While we can only speculate why there is a greater preference for restricted stock rather than performance shares, there are a couple possibilities. First, performance shares often vest based on achieving operational metrics. The argument may be that future operational performance is a function of what is acquired and this can be hard to pin down even if it is measured on a relative basis. Second, while median stock ownership for mega-acquirer CEOs is similar to other regionals, it is more than twice that of regional CEOs at the 75th percentile. There may be a strong desire by some of the mega-acquirers to ensure that the CEO has meaningful share ownership and is willing to achieve this through time-based vesting. In our experience, actual share ownership is what drives behavioral shifts and creates shareholder alignment.

Considerations
These pay differences are subtle. However, when you combine strategy, financial results, and pay practices together, the implications provide for compelling discussion in the boardroom.

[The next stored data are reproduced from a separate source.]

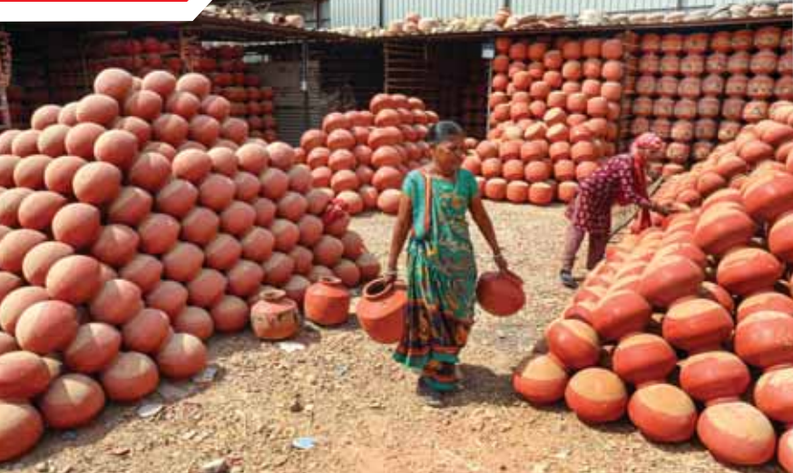
Vendors display earthen pots for sale, on the outskirts of Ahmedabad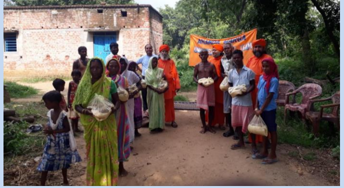
Relief on 13 th August at Sidhi, Jeladih, Layadih, Kashipur, Gopinathpur and Narandih villages, about 1200 persons benefited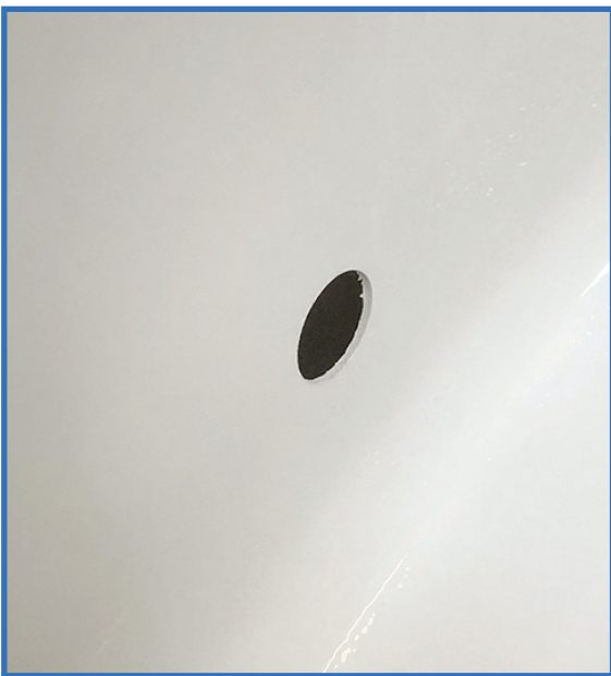
Sidewall sample hole for structural strength and stability.

Most companies try to cut costs on the quality and the thickness of the acrylic sheet, and also on the amount and thickness of fiberglass reinforcement. When they use a 20% thinner sheet of acrylic and 200-300% less fiberglass, the savings are considerable for them, but the customer is the one who suffers. Some baths may feel like you are sitting in an eggshell with flimsy sidewalls and floors that flex and squeak when stepping in or sitting down. When bathtubs are inferior with poor quality, the possibility of cracking and failure goes way up. This is precisely why some companies offer such short warranties.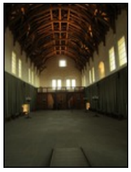
Stirling Castle Great Hall roof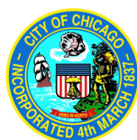
Lori E. Lightfoot Mayor of Chicago

This project is partially supported by a CityArts Grant from the City of Chicago Department of Cultural Affairs & Special Events.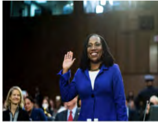
Supreme Court nominee Ketanji Brown Jackson is sworn in for her confirmation hearing on March 21.

The Honorable Ketanji Brown Jackson was sworn in as the 116th Supreme Court justice in June. Her confirmation and swearing in marked a historic moment for the Supreme Court as Justice Jackson is the first Black woman to serve on the court. She has extensive experience serving as a federal trial court judge and a public defender. She replaced Justice Stephen Breyer whom she clerked for after law school.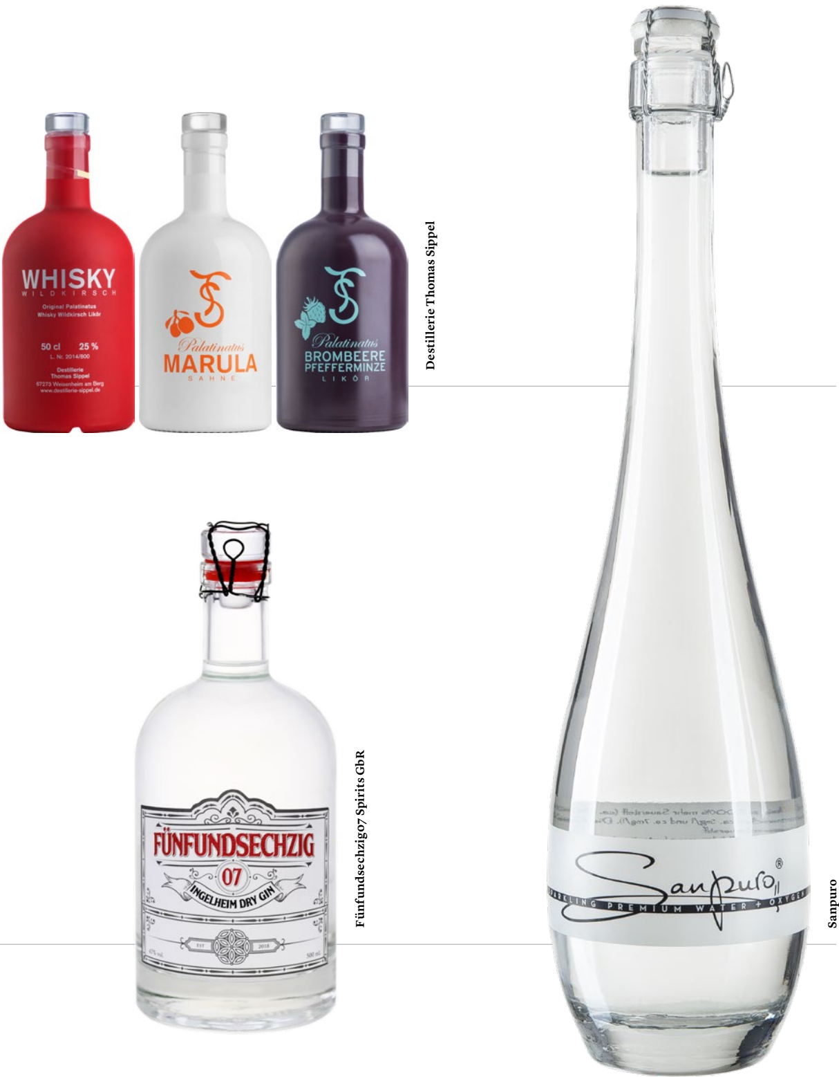
Destillerie Thomas Sippel

Has the use of discretion in incentive plans gone too far? Discretionary components are inappropriately used if they are a way of explaining away poor performance on the defined metrics. Discretion is best used when it is a qualitative assessment of non-financial results or where it is difficult to determine financial outcomes due to acquisition or other factors. Establishing what will be evaluated qualitatively at the beginning of the year, rather than at year-end also fosters discipline in using appropriate discretion.

If there aren’t meaningful differences in CEO compensation values, are you getting what you are paying for? Holding CEOs and their executive teams accountable for strategy deployment and financial results is a primary board responsibility. Open and honest feedback coupled with active oversight can ensure the bank is getting value from its compensation dollars.

Are you evaluating the CEO on the right things? Simply focusing the CEO’s evaluation on whether the bank made its numbers that year is insufficient. A more holistic view of the role using seven characteristics should be considered:

  1. Strategy and Vision
  2. Leadership
  3. Innovation/Technology
  4. Operating Metrics
  5. Risk Management
  6. People Management
  7. External Relationships

Conclusion
Compared to both smaller and larger banking organizations, regional banks have enjoyed relatively strong performance despite a challenging operating environment—and mega-acquirer performance has been even stronger. Has executive pay design played a role in the success of mega-acquirers? The differences in design are small, but potentially impactful—a tighter link to performance, a stronger focus on operational effectiveness, and for some, a higher level of long-term equity ownership.